◆ Records shown
☆ ☆ ☆ ☆ ☆

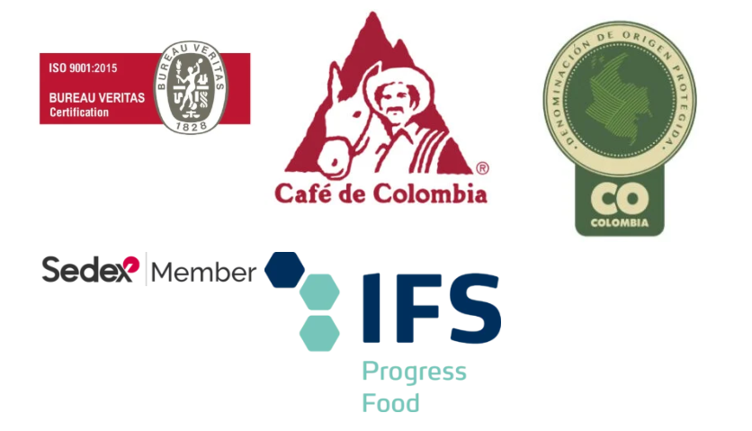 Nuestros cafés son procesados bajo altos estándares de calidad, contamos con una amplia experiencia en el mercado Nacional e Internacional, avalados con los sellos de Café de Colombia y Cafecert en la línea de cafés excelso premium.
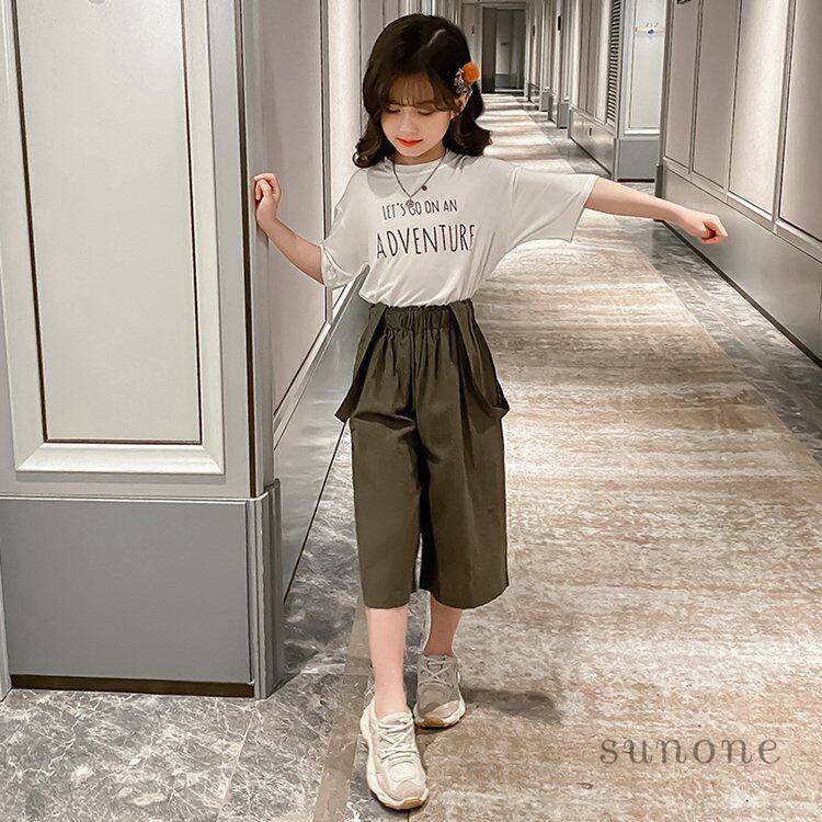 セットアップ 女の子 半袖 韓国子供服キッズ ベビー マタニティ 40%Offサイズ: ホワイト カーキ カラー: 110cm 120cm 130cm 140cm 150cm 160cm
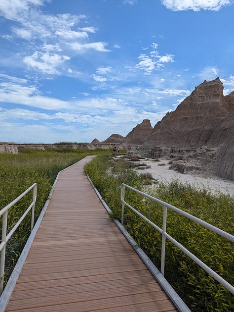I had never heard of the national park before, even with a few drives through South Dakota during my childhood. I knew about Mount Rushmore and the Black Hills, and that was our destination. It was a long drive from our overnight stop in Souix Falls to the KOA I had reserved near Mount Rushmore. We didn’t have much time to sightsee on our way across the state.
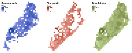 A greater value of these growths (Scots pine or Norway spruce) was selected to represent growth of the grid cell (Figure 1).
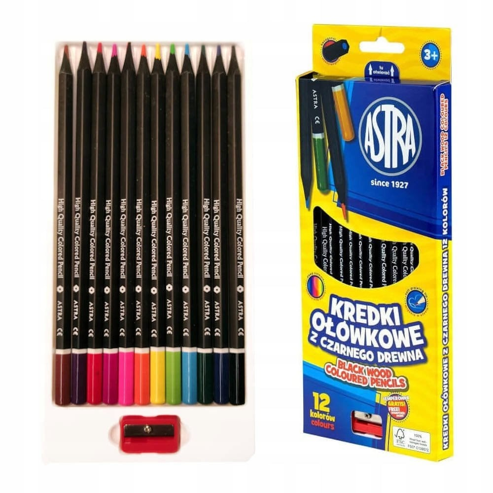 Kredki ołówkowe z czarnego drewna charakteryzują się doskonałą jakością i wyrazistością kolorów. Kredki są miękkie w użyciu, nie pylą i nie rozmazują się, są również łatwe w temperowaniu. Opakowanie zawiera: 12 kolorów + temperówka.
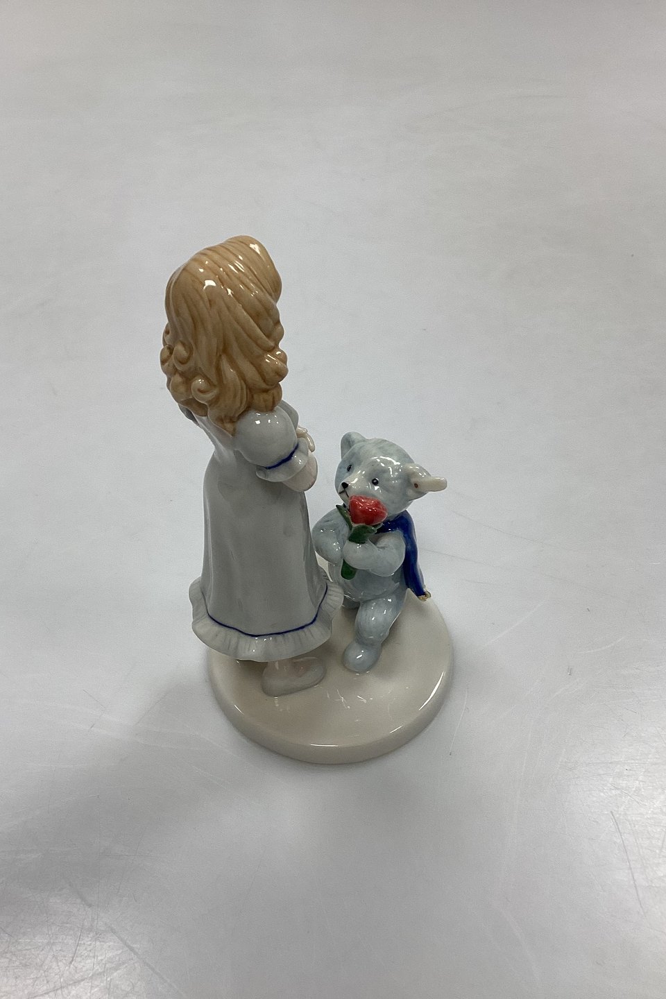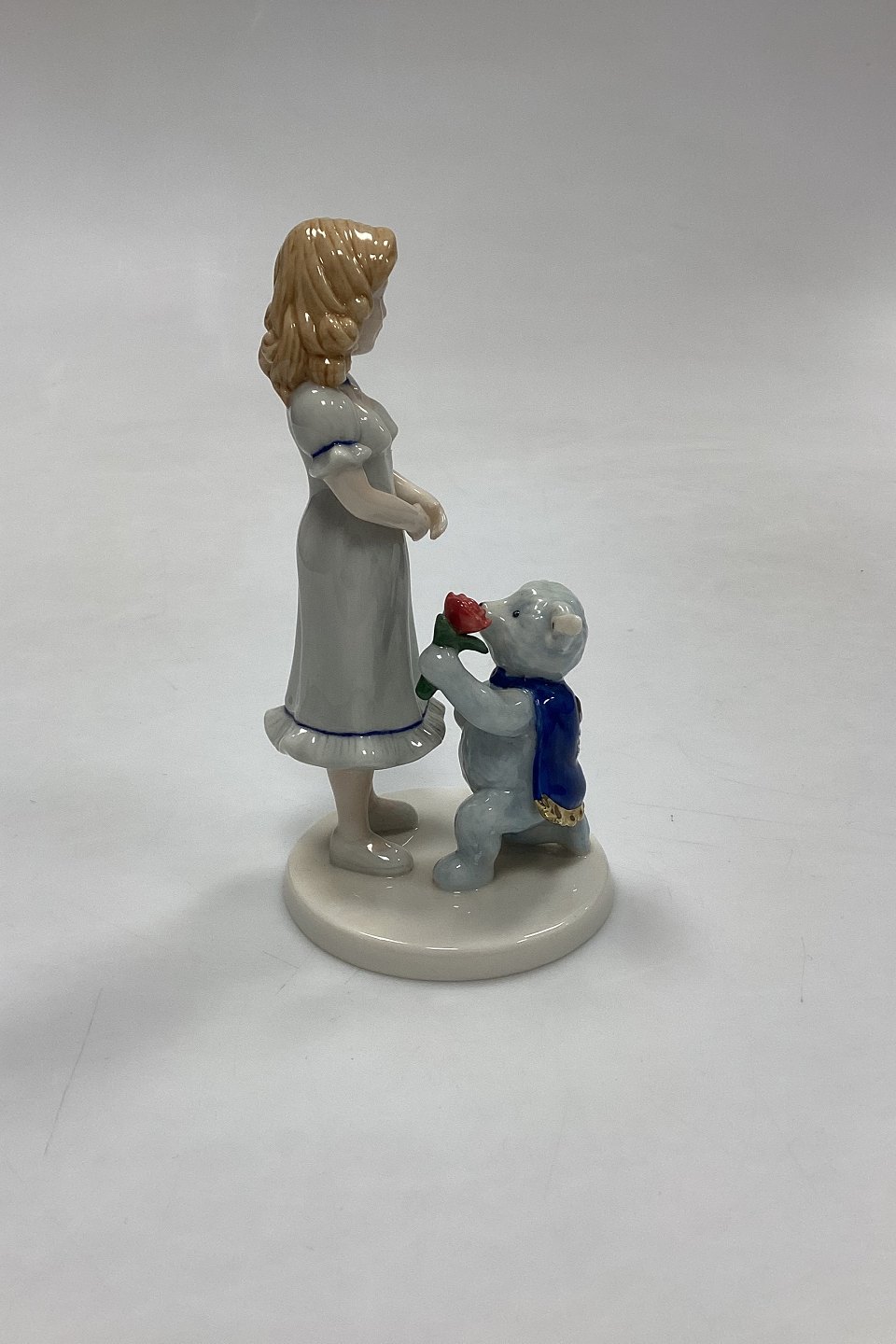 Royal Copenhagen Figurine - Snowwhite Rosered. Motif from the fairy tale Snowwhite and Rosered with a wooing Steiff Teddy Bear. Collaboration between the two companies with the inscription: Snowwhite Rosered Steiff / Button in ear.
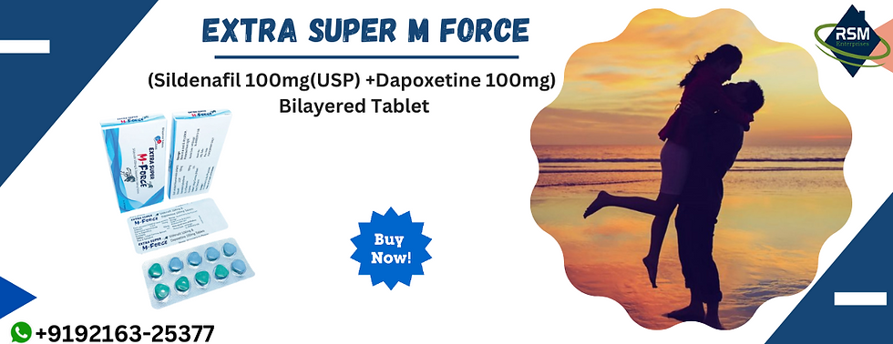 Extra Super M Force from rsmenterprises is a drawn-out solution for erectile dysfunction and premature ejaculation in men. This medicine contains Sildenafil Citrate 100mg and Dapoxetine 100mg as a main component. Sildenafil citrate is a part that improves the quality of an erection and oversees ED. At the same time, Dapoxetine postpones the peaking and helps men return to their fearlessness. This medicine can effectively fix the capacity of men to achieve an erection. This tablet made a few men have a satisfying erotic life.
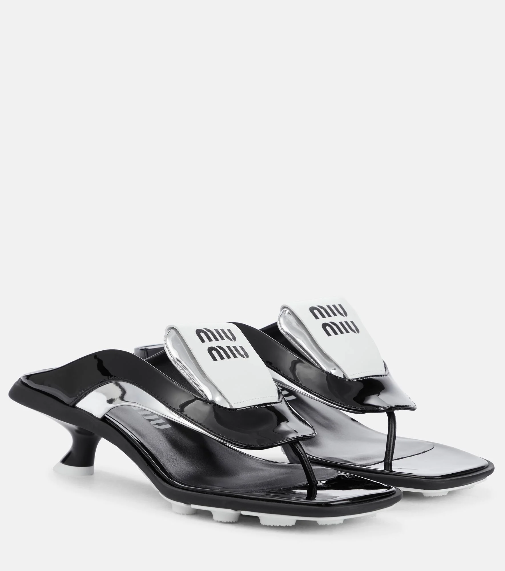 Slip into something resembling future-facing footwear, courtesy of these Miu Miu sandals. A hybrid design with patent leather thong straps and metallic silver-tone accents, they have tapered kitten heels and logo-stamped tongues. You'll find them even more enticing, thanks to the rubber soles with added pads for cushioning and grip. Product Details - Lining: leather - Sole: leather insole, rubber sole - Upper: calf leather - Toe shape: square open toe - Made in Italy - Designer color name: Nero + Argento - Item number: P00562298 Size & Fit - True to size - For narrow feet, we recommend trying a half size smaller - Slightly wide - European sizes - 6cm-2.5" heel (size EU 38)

☆ ☆ ☆ ☆ ☆

◆ Task instructions
The line containing "A greater value" marks where the copy ends; print every line before it from the start of the records, and that line too, but no pictures.

◆ Output for this exercise
 Nuestros cafés son procesados bajo altos estándares de calidad, contamos con una amplia experiencia en el mercado Nacional e Internacional, avalados con los sellos de Café de Colombia y Cafecert en la línea de cafés excelso premium.
 セットアップ 女の子 半袖 韓国子供服キッズ ベビー マタニティ 40%Offサイズ: ホワイト カーキ カラー: 110cm 120cm 130cm 140cm 150cm 160cm
I had never heard of the national park before, even with a few drives through South Dakota during my childhood. I knew about Mount Rushmore and the Black Hills, and that was our destination. It was a long drive from our overnight stop in Souix Falls to the KOA I had reserved near Mount Rushmore. We didn’t have much time to sightsee on our way across the state.
 A greater value of these growths (Scots pine or Norway spruce) was selected to represent growth of the grid cell (Figure 1).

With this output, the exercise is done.